SUPER BOWL WITH A SMIRK

Greg Cote's Super Bowl With a Smirk: Jersey feels snubbed by focus on Big Apple

 
 
Elmo characters stroll Times Square, which is the media center hub for the Super Bowl. The actual game will be played in New Jersey, though.
Elmo characters stroll Times Square, which is the media center hub for the Super Bowl. The actual game will be played in New Jersey, though.
Craig Ruttle / AP

gcote@miamiherald.com

Super Bowl With a Smirk is back with a daily light-hearted needle and jab at the self-important NFL and the gravitas of its big game. Flying under the banner, “Make Fun, Not War,” Smirk is an annual Super Bowl Week feature in the Miami Herald except years when we forget to do it.

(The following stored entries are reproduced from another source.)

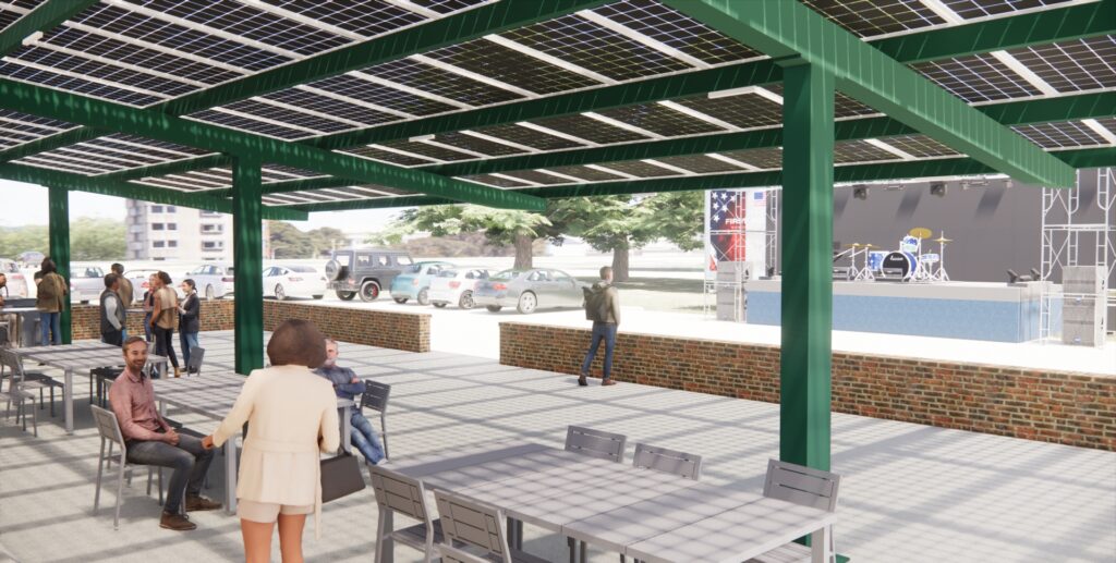 In addition, England’s solar shade structure and bar expansion is well-timed because the city of Mattoon, in partnership with Rural King, has been developing the Emerald Acres Sports Connection, a $66 million multipurpose sports complex. When complete, it will include indoor and outdoor facilities for baseball, softball, basketball, and volleyball. The goal is to attract sports teams from Chicago, Indianapolis, and St. Louis for competitive tournaments. The outdoor entertainment at The Castle Pub will provide local families, as well as out-of-town visitors, a place to unwind in the evenings. After a hot day in the sun watching sports, the solar canopy will offer a welcome way to relax.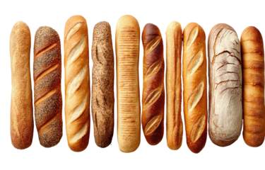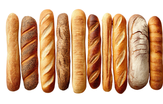 A horizontal array of diverse artisan bread loaves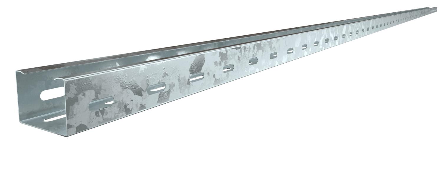 Kabelrinne mit durchgängiger Boden- und Seitenperforation sowie Mittellochung (Ø11 mm) im Boden für zusätzliche Befestigungen.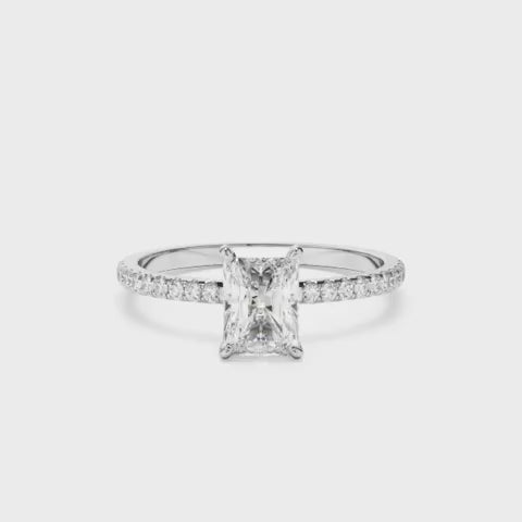 Alma Engagement Ring – Radiant Brilliance with a Diamond-Set Band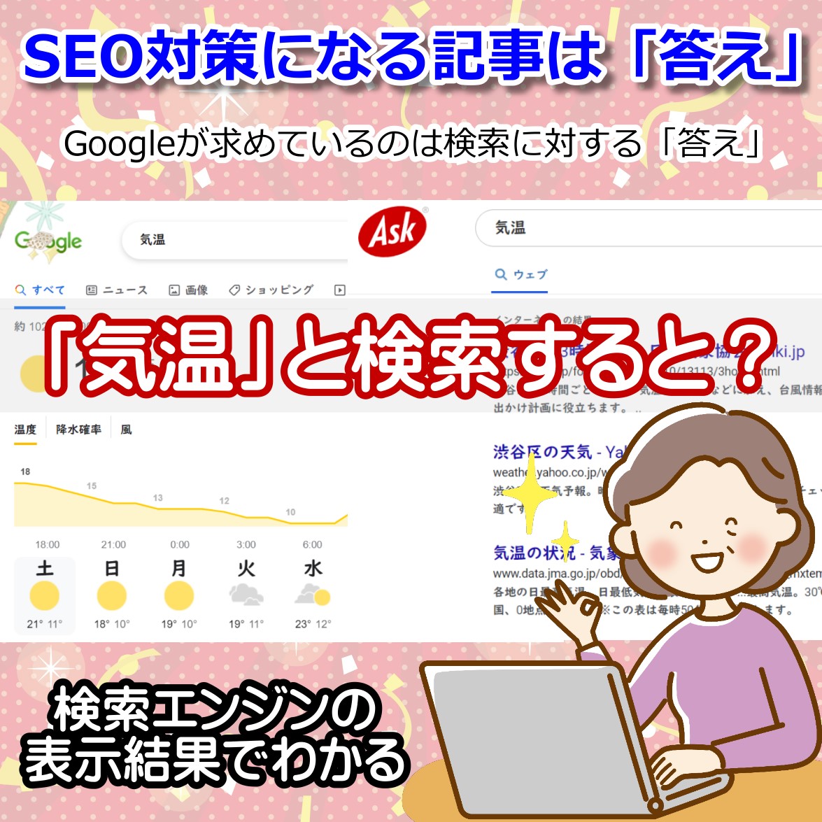 この「気温」からわかることは、検索キーワードから意図を判断している。 「解答」がある場合は、検索結果に「答え」そのものを表示する。 しかしGoogleは「答え」をもっていない。 つまり、Googleが欲しいのは「答え」というコンテンツ。 優良なコンテンツ、役に立つコンテンツ。 曖昧な表現ですが、明確なのは「答え」ということですね。 暇つぶしやコミュニケーションはSNSやゲームへ。 だからこそビジネスではしっかりと、検索者を見込み客にできるようにしましょう。   日記なんて書いてる場合ではないですぞ。

Well, the stage is set for the big battle. Two rivals, one the favorite, one the underdog, neither giving an inch. What? Oh, you thought I meant Denver vs. Seattle? No I mean New York vs. New Jersey as the two states divided by the Hudson River lay claim to which is the real Super Bowl host.

The game itself is in East Rutherford, N.J., of course, and both team hotels are in Jersey City, but other than that it’s all Big Apple. National coverage is calling it the “New York Super Bowl,” and Times Square in Manhattan is home to the main media center and most major activities, including “Super Bowl Boulevard,” a 13-block NFL-theme fan attraction along Broadway set to open Wednesday featuring a 60-foot-high, 180-foot long toboggan ride.

(The area will be watched by 200 security cameras, seriously inhibiting Smirk’s initial plan to steal the toboggan flume).

Jersey is already complaining.

East Rutherford mayor James Cassella said the SB is being covered like “a New York event.” Sen. Cory Booker, D-N.J., said, “I passed ‘miffed’ a while ago. I mean this is ridiculous.”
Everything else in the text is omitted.